Other reviewers have praised Gendo's role in the last installment of the saga, Evangelion: 3.0+1.0 Thrice Upon a Time, in which his motivations and psychology, and his relationship with Shinji are analyzed. Vulture wrote, "To longtime Eva fans, Gendo explaining himself feels monumental". According to Mechademia scholar Nicolle Lamerichs, Gendo's new characterization received a mixed response from fans. While some criticized the decision to invite sympathy for a character who had previously been portrayed as abusive and antagonistic, others welcomed his expanded characterization. Lamerichs nevertheless argued that the overall reception was positive, describing the reconciliation between Gendo and Shinji as "cathartic for fans as well" and adding that, "in a way, Evangelion had been building up to this moment for years". Anime News Network's Richard Eisenbeis wrote, "Thrice Upon a Time makes great strides in expanding and developing his character". Eisenbeis also described its focus on Gendo as "the most important element of the film ... Even if you still hate Gendo by the end of this exploration, it's hard not to empathize with him". Reviewers lauded the film for giving the character more depth, and the conflict with Shinji has a central part in the plot's development. According to IGN writer Devin Meenan, Rebuild brings a closure to the character "that the original lacked". Thrillist's Kambole Campbell described the emotional openness of Gendo and the other characters as "moving", while IndieWire lauded the fact that the father-son dynamic is a central part of the story, culminating in "some of the most emotionally raw moments Evangelion has ever put on screen".

===Merchandise and legacy===
Gendo has been used to produce merchandising items, such as sunglasses and eyeglasses, collectible models, shirts, and culinary products. Gendo has appeared in video games and spin-offs based on the original animated series, and in media unrelated to the Neon Genesis Evangelion franchise, such as in the Million Arthur video games, Monster Strike, and Puzzle & Dragons. The character was used for campaigns of the Japan Racing Association and for advertisements of the Schick razor company, a collaboration that attracted the attention of animation fans and was renewed years after the first advertising video. In 2011, he also inspired an attraction at the Japanese amusement park Fuji-Q Highland. In 2015, Gendo was used along with other characters from the series for features on the 500 Type Eva, a high-speed train dedicated to Evangelion.

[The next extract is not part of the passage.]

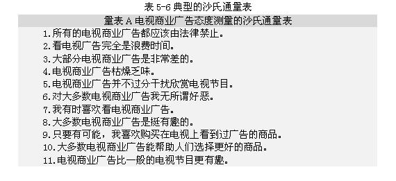 (二)测量的基本技术(续) 4.沙氏通量表 在市场营销研究中,经常涉及到对某一主题的态度测量,如人们对于电视商业广告的态度、对人寿保险的态度等。沙氏通量表通过应答者在若干(一般9—15条)与态度相关的语句中选择是否同意的方式,获得应答者关于主题的看法。沙氏通量表的实地测试和统计汇总都很简单,只是量表的构做相对来说比较麻烦。一个测量态度的沙氏通量表,其构做的基本步骤如下: (1)收集大量的与要测量的态度有关的语句,一般应在100条以上,保证其中对主题不利的、中立的和有利的语句都占有足够的比例,并将其分别写在特制的卡片上。 (2)选定二十人以上的评定者,按照各条语句所表明的态度有利或不利的程度,将其分别归入十一类。第一类代表最不利的态度,依次递推,…,第六类代表中立的态度,…,第十一类代表最有利的态度。 (3)计算每条语句被归在这十一类中次数分布。 (4)删除那些次数分配过于分散的语句。 (5)计算各保留语句的中位数,并将其按中位数进行归类,如果中位数是n,则该态度语句归到第n类。 (6)从每个类别中选出一、二条代表语句(各评定者对其分类的判断最为一致的),将这些语句混合排列,即得到所谓的沙氏通量表。 下面的表5-6给出了一个典型的沙氏通量表所包含的十一条态度语句。沙氏通量表通常在设计时,将有关态度语句划分为十一类,其实并不一定非要划分成十一类不可,多些少些都可以,但最好划分成奇数个类别,以中点作为中间立场。分类后在每个类别中至少选择一条代表语句,也可以选择多于一条语句,这样组成的沙氏通量表就不止包含与类别数相同的语句,可能多达二十几条态度语句,但一般来讲在每个类别中选择多条语句没有特别的必要。

Famous people have paid homage to Gendo by cosplaying as him, including Minoru Takashita, president of the AnimeJapan company, Takashi Kawamura, mayor of Nagoya, and economist Takkaki Mitsuhashi, who founded a Cosplay Party for the 2010 Japanese House of Councillors election. Gendo has also inspired the pose of a character that appears in the opening sequence of the video game Evil Factory, developed by Neople. According to Vice's Chia Contreras, Gendo's image and austere face have achieved notoriety and have reached non-animation-fan audiences, becoming "one of the most easily recognizable images of anime on the internet". On the web, Gendo is often associated with the phrase "Get in the fucking robot, Shinji", which has also gone viral. The phrase has become an internet meme and has been used for merchandise items dedicated to the series. Screen Rant's Adam Beach noted Ragyō Kiryūin's office in Kill la Kill is similar to Gendo's. Bleeding Cool similarly interpreted a line by Quentin Quire from an X-Men comic as a reference to the "Get in the robot" meme. Holland Novak from Eureka Seven has also been compared with Gendo. Fans have renamed his characteristic pose, with his hands joined at face height, the "Gendo pose", which has been copied, homaged, and parodied in other animated series, such as Taizo Haisegawa in Gintama, which is also voiced by Fumihiko Tachiki, Voltron: Legendary Defender, by Stella in Rose Guns Days, by Nifuji Hirotaka in Wotakoi: Love Is Hard for Otaku, and by Hayato in an official crossover episode between Evangelion and Shinkansen Henkei Robo Shinkalion.